--- Source information Enclosed Below ---

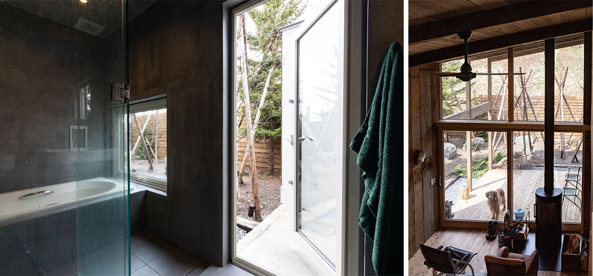 大きな窓越しに、わんちゃんが憩うカラマツの木陰や、大きな石がある「森」が広がります。
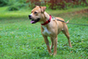 Like most young pups, Petey needs some basic obedience training and work on leash walking. He loves to go on walks, but will pull when he wants to meet someone or another dog, and he wants to meet everyone. He also likes to chase things, especially small critters, so he will need a capable handler and someone who will teach him when chase is safe and appropriate. He can be jumpy when he gets excited, so he will fit best in a home with kids who are out of the toddler stage (7 years or older). He has an excellent temperament, and will make a great family dog.
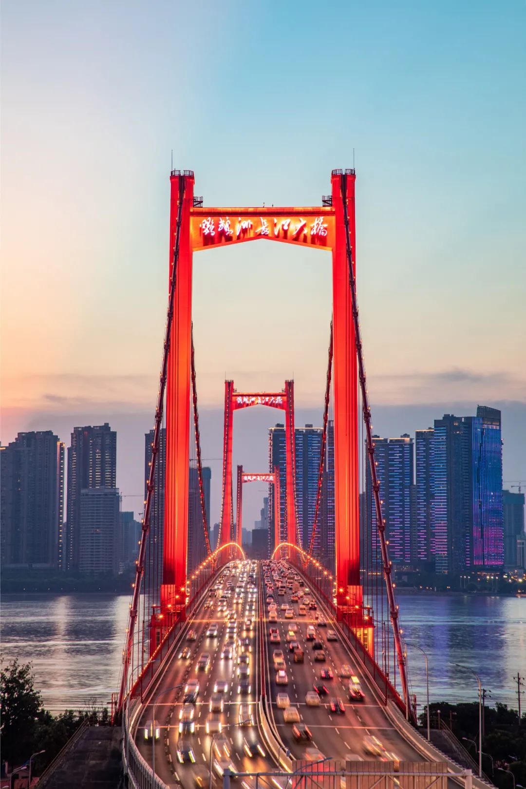 ▲ 武汉鹦鹉洲长江大桥,巨龙飞驾两岸。摄影/张乔
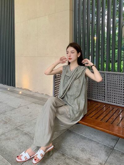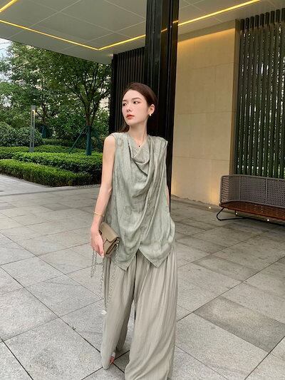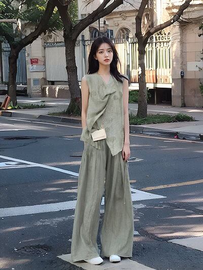 涼しく楽ちんセットアップ スーツ 夏2024新作 レトロなノースリーブベスト トップス+ワイドパンツ 2点セット レディース 韓国ファッション
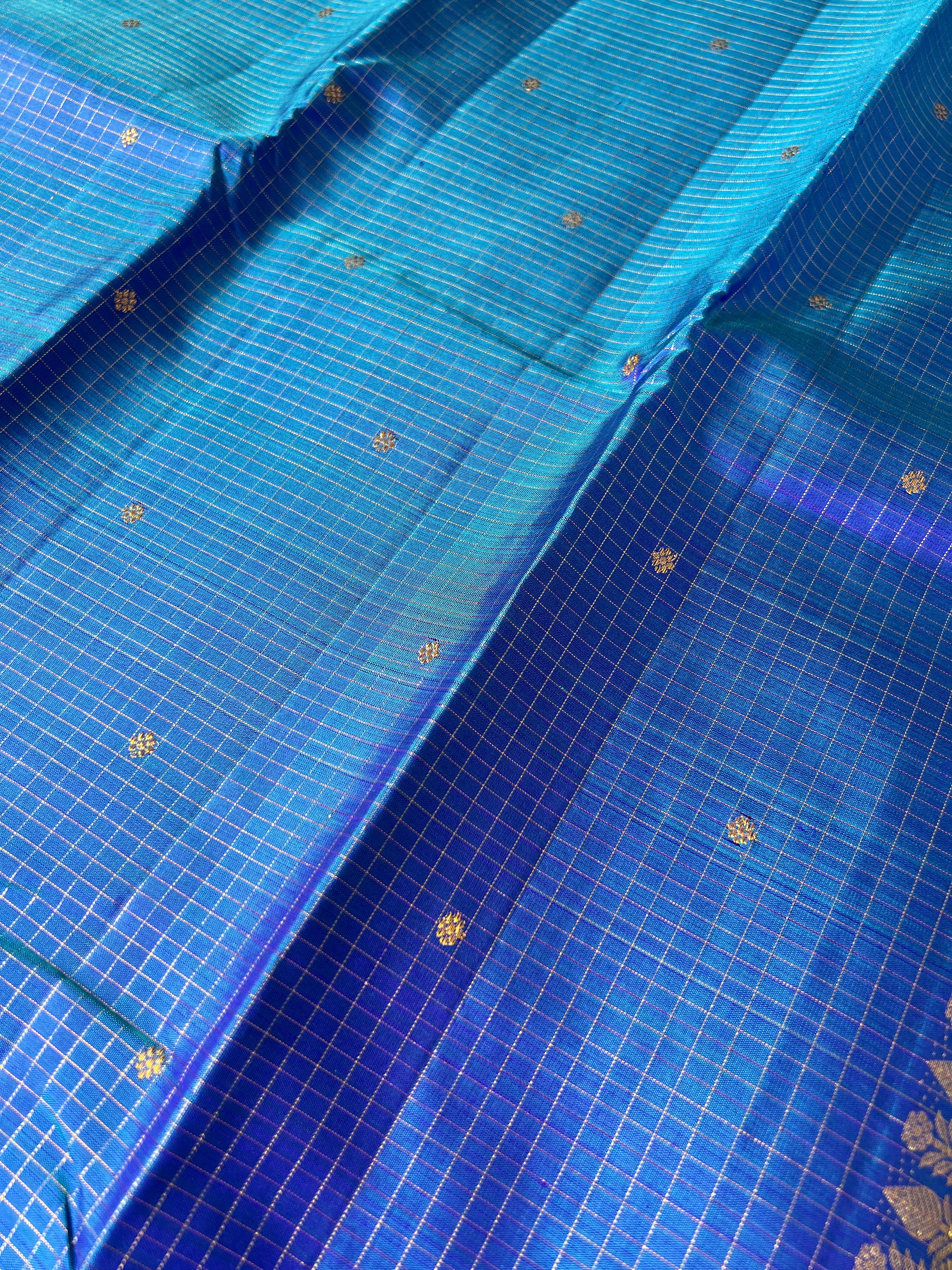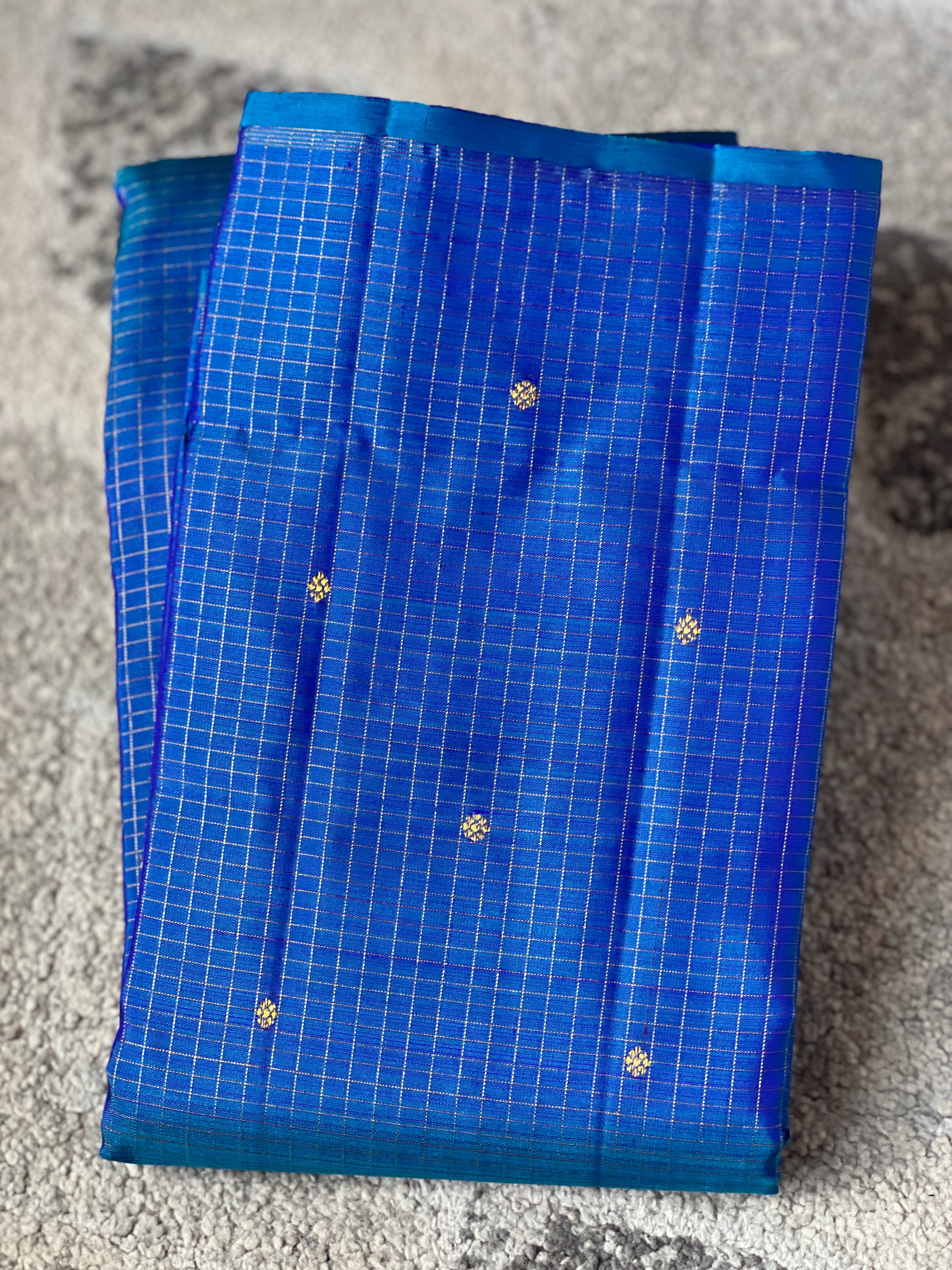 • Style: Zari Woven, Handloom, Check Pattern With Floral Butas, Diamond & Chakra Patterned Pallu

--- End of Enclosed Source information ---

Task goal -
Hand back the records above exactly as they are, pictures excluded.

Result of this task -
 大きな窓越しに、わんちゃんが憩うカラマツの木陰や、大きな石がある「森」が広がります。
 Like most young pups, Petey needs some basic obedience training and work on leash walking. He loves to go on walks, but will pull when he wants to meet someone or another dog, and he wants to meet everyone. He also likes to chase things, especially small critters, so he will need a capable handler and someone who will teach him when chase is safe and appropriate. He can be jumpy when he gets excited, so he will fit best in a home with kids who are out of the toddler stage (7 years or older). He has an excellent temperament, and will make a great family dog.
 ▲ 武汉鹦鹉洲长江大桥,巨龙飞驾两岸。摄影/张乔
 涼しく楽ちんセットアップ スーツ 夏2024新作 レトロなノースリーブベスト トップス+ワイドパンツ 2点セット レディース 韓国ファッション
 • Style: Zari Woven, Handloom, Check Pattern With Floral Butas, Diamond & Chakra Patterned Pallu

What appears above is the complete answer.